My jointer and I haven't always been a perfect team. At first I was getting boards slightly bowed, then I was getting tapers. Frustrated I even bought a One Way multi gauge to align the straight knives on it because I couldn't come up with a better way to align the knives. I had all the knives aligned with .001 of an inch of each other (wasn't easy) and the outfeed table set slightly below the knives. Yet I was still getting a small amount of snipe. Finally yesterday after making numerous test cuts and realizing my outdoes table may have simply been set to low (resulting in snipe).

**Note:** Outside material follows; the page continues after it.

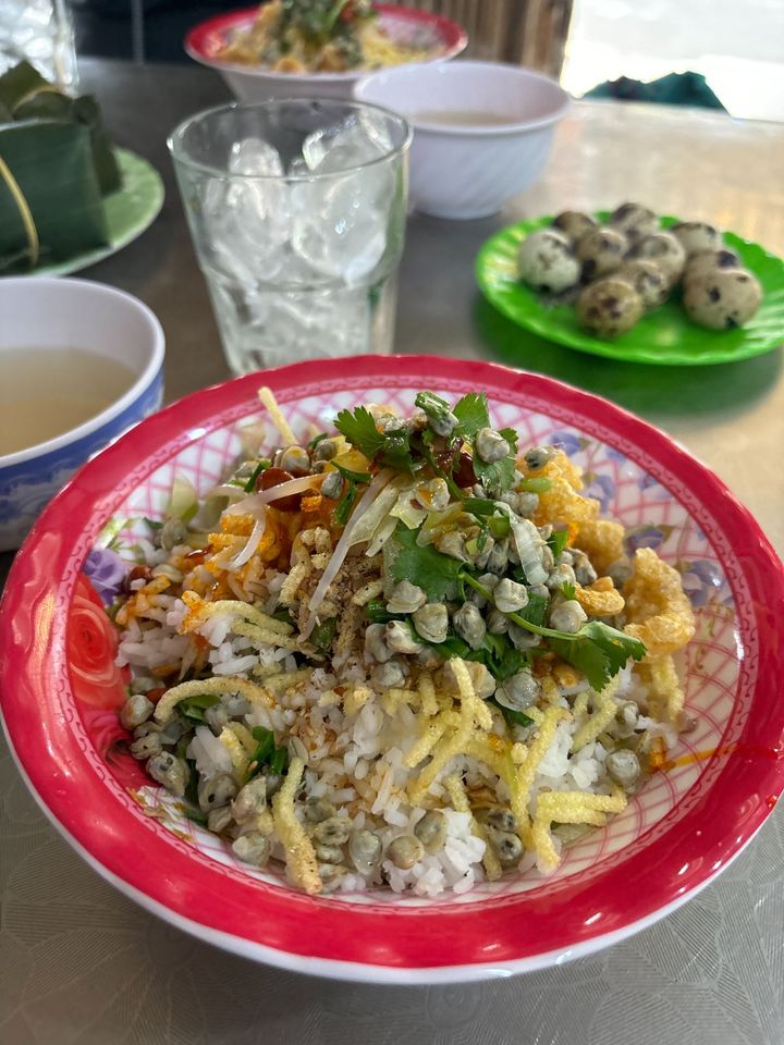 ご飯だけでなくブンヘン(Bún hến)=米麺、ミーヘン(Mì hến)=インスタント麺、という麺バージョンもあり。ちょっとジャンクなインスタントの味わいがこの料理には不思議と合うので、私はミーヘンも推しです!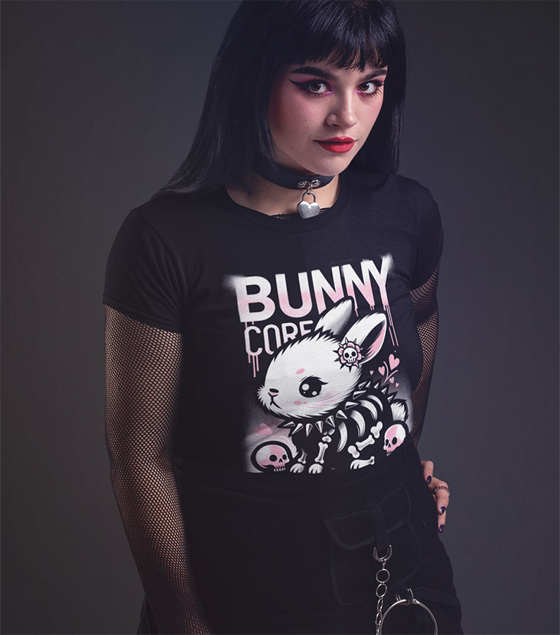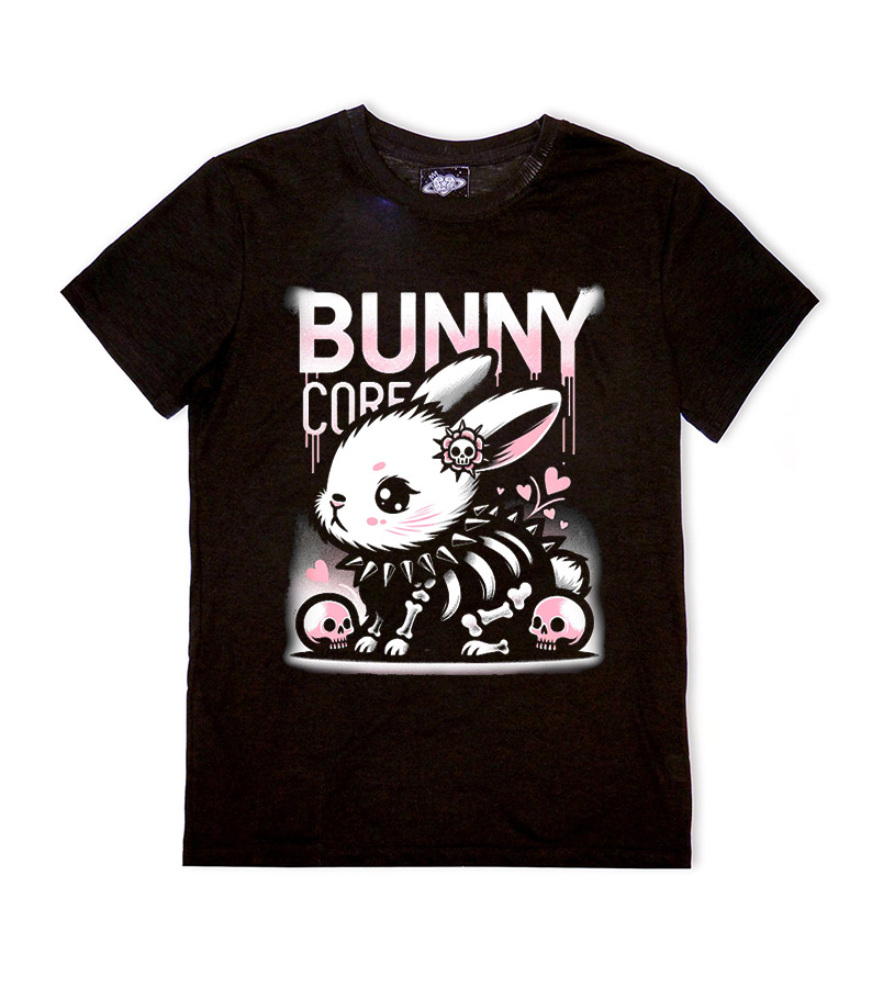 A unique unisex black T shirt from our Samples collection with our iconic all over ‘Bunny Core’ Print.

I had thought some gab in my joints were inevitable and should just be fixed with clamping pressure. Now realize this was also an error on my part. Finally after some test cuts in 2×4s I got everything aligned. No snipe or bowing. I was getting glass smooth and straight cuts!!!


----------



## AlaskaGuy (Jan 29, 2012)

Yep, snipe is the classic sign that the out feed table is too low.

The easy way to set it.


----------



## Unknowncraftsman (Jun 23, 2013)

Bravo for sticking with it and not giving up. 
A jointer might be a very simple machine but just a few thousand this way or that can make all the difference.
How many threads have we seen where someone cannot get their jointer working right and decide a bryd head will solve everything.


----------



## Spitfire1 (May 18, 2016)

Thank you. Yes I couldn't have said it better. 
Lesson 1: A few thousand of an inch sure makes. 
Lesson 2: Nothing can replace test cuts for checking alignment. 
I can't think of a power tool that is more finicky than a jointer.


----------